> **What to produce**
Drop the images; return everything else in the listing below exactly.

===== Data below

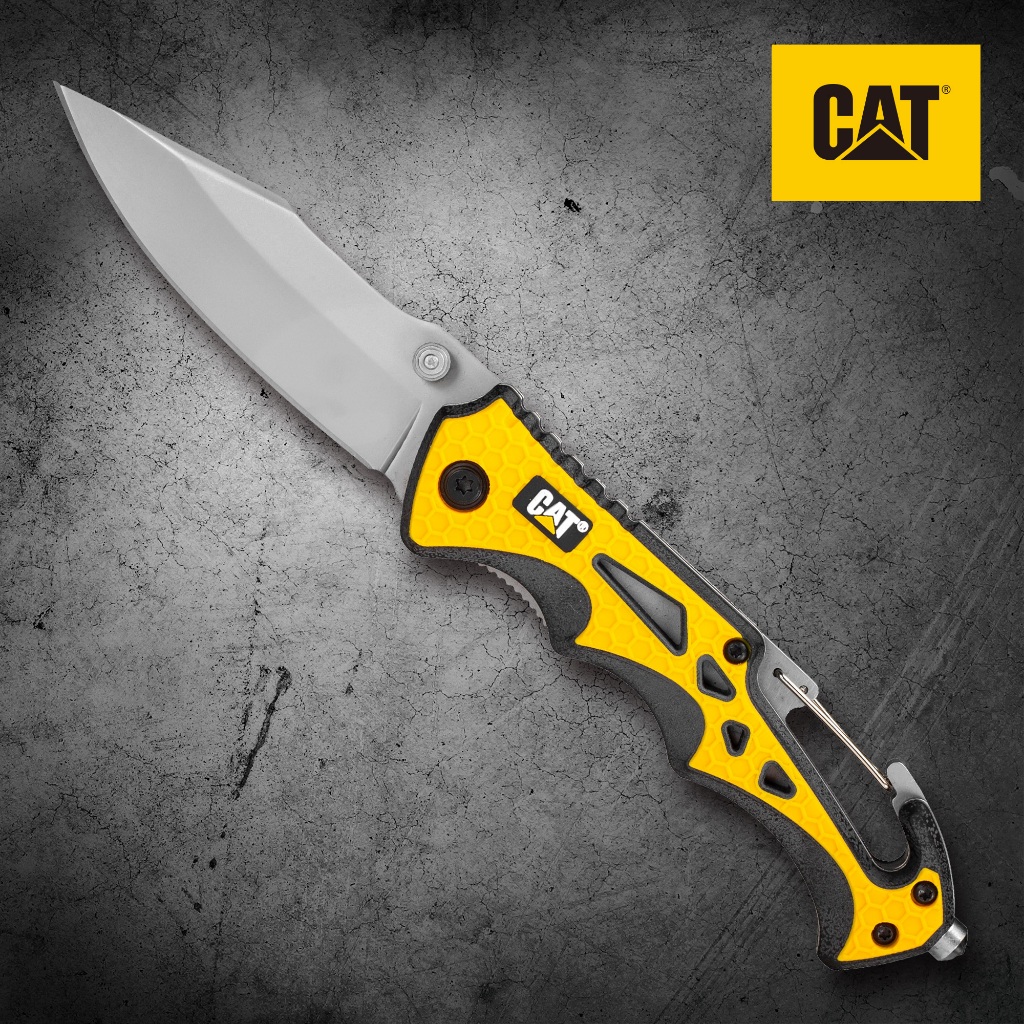 CAT八吋多功能折疊刀,採用黃色TPR止滑耐磨材質,不僅擁有與眾不同的極佳外觀,並且大幅提升使用時的舒適和便利性。 折疊刀為鋁合金材質手柄結合了耐用、輕便和時尚於一體,刀刃採用7CR17MOV合金鋼具有高硬度和超強韌性,材質兼具高硬度與超強韌性,使折疊刀極為鋒利而又耐用,可做為安全防身工具、登山露營折疊刀與戰術刀 。CAT八吋多功能折疊刀具有刀片安全鎖定裝置,此為CAT工具獨家專利設計,在使用時,刀刃固定不摺疊收回,大大的提高使用時的安全與便利性。另外刀桿上的螺柱提供使用者單手快速展開折疊刀。另一方面,在刀柄上加上經實驗室核可的窗戶擊破功能,可做為車上安全逃生工具使用。
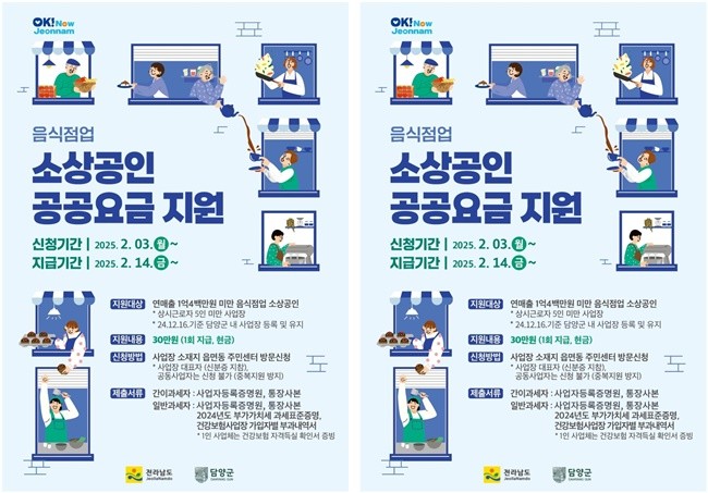 지원 대상은 2024년 12월 16일 기준 담양군 내 사업장 등록·유지 중인 음식점업 소상공인으로, 상시 근로자 5인 미만, 연매출 1억 4백만 원 미만(간이과세자 기준)인 업체다.
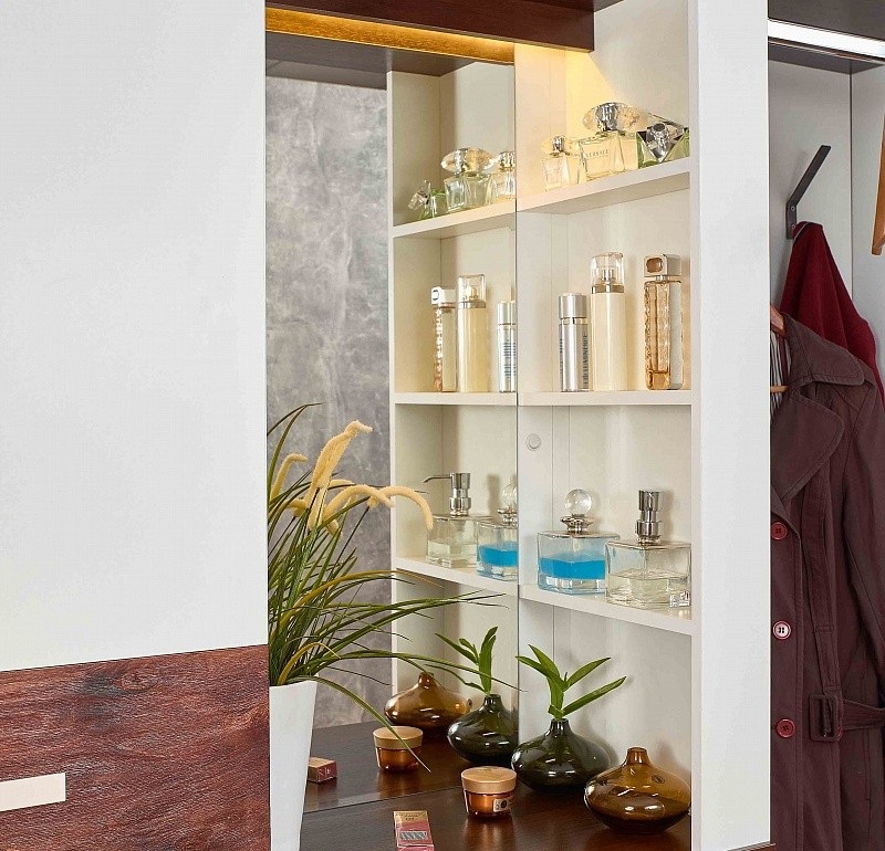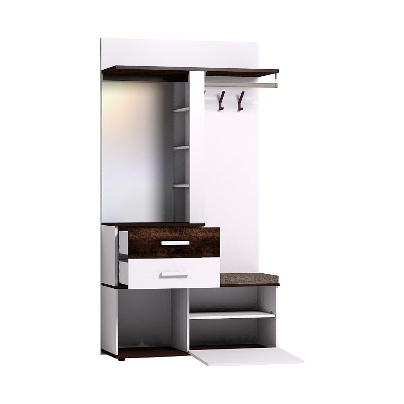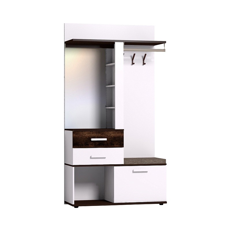 Норвуд 70 Шкаф МЦН — находка для прихожей. В небольшом по габаритам модуле сочетается все необходимое: вешалки и крючки, полки и отделения за глухими фасадами, зеркало с подсветкой и открытый стеллажик. В модуле Норвуд 70 Шкаф МЦН предусмотрено место для хранения коробок и домашней обуви — просторная открытая ниша и ниша с полочкой за откидной дверцей на шарнирах. Мягкая тканевая подушечка входит в комплектацию модуля.

==========

> **Output of the task**
 CAT八吋多功能折疊刀,採用黃色TPR止滑耐磨材質,不僅擁有與眾不同的極佳外觀,並且大幅提升使用時的舒適和便利性。 折疊刀為鋁合金材質手柄結合了耐用、輕便和時尚於一體,刀刃採用7CR17MOV合金鋼具有高硬度和超強韌性,材質兼具高硬度與超強韌性,使折疊刀極為鋒利而又耐用,可做為安全防身工具、登山露營折疊刀與戰術刀 。CAT八吋多功能折疊刀具有刀片安全鎖定裝置,此為CAT工具獨家專利設計,在使用時,刀刃固定不摺疊收回,大大的提高使用時的安全與便利性。另外刀桿上的螺柱提供使用者單手快速展開折疊刀。另一方面,在刀柄上加上經實驗室核可的窗戶擊破功能,可做為車上安全逃生工具使用。
 지원 대상은 2024년 12월 16일 기준 담양군 내 사업장 등록·유지 중인 음식점업 소상공인으로, 상시 근로자 5인 미만, 연매출 1억 4백만 원 미만(간이과세자 기준)인 업체다.
 Норвуд 70 Шкаф МЦН — находка для прихожей. В небольшом по габаритам модуле сочетается все необходимое: вешалки и крючки, полки и отделения за глухими фасадами, зеркало с подсветкой и открытый стеллажик. В модуле Норвуд 70 Шкаф МЦН предусмотрено место для хранения коробок и домашней обуви — просторная открытая ниша и ниша с полочкой за откидной дверцей на шарнирах. Мягкая тканевая подушечка входит в комплектацию модуля.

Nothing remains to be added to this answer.